▶ _Provided entries_:
· · ·
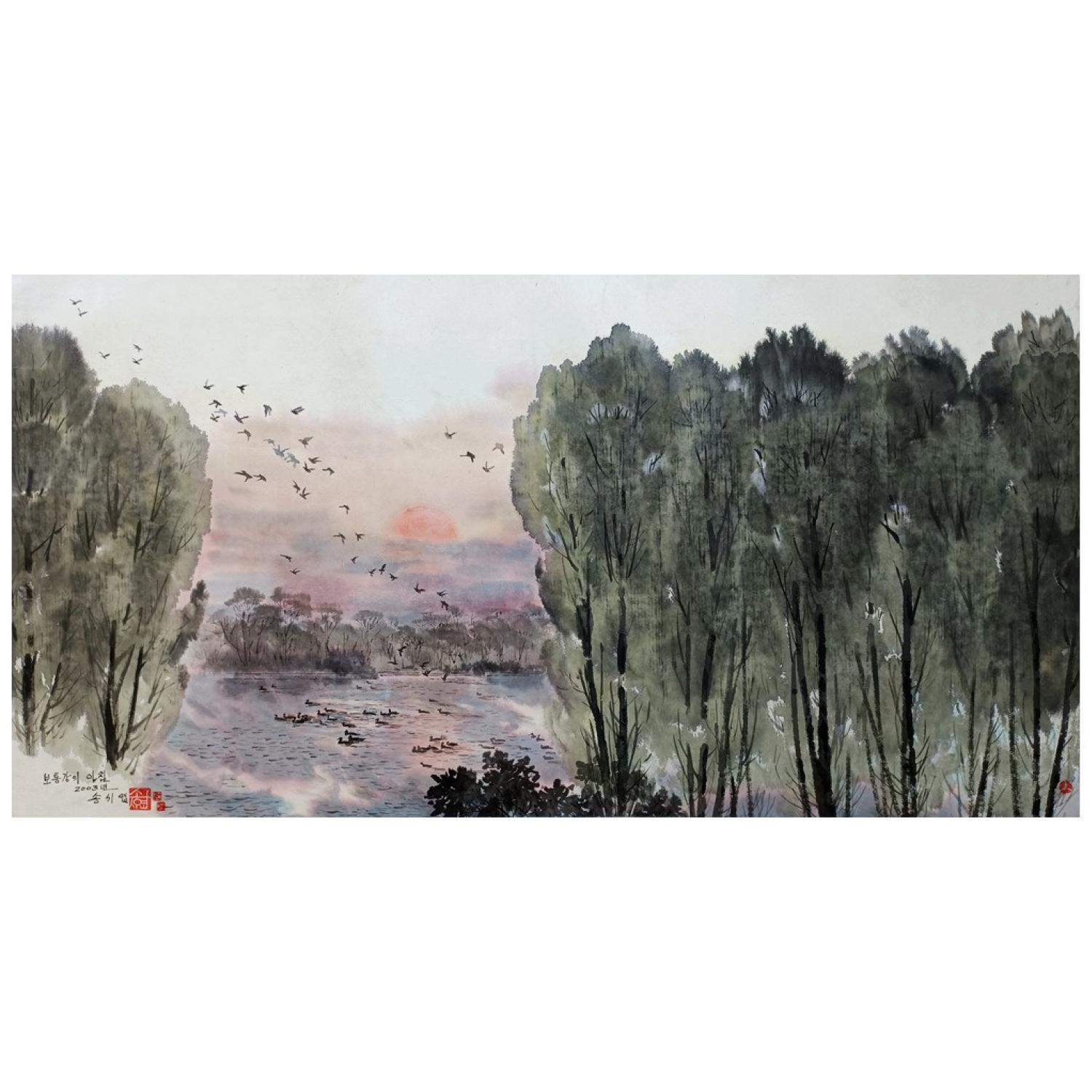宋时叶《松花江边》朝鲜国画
· · ·
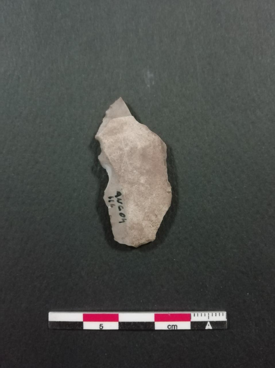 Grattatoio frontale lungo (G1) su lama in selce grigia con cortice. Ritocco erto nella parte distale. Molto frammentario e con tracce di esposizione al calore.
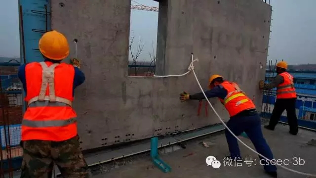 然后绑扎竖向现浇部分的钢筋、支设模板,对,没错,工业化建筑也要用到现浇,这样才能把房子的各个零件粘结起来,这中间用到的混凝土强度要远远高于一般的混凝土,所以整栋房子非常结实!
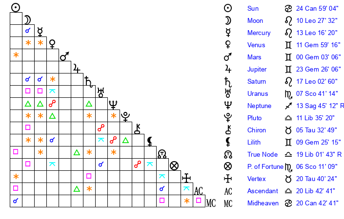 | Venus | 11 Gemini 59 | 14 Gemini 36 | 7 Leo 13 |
· · ·
▶ _Instructions for the task_:
Output should consist of the lines above from the one with "然后绑扎竖向现浇部分的钢筋、" down to the one with "36 | 7 Leo 13 |", exact and without pictures.

▶ _Answer to the exercise_:
 然后绑扎竖向现浇部分的钢筋、支设模板,对,没错,工业化建筑也要用到现浇,这样才能把房子的各个零件粘结起来,这中间用到的混凝土强度要远远高于一般的混凝土,所以整栋房子非常结实!
 | Venus | 11 Gemini 59 | 14 Gemini 36 | 7 Leo 13 |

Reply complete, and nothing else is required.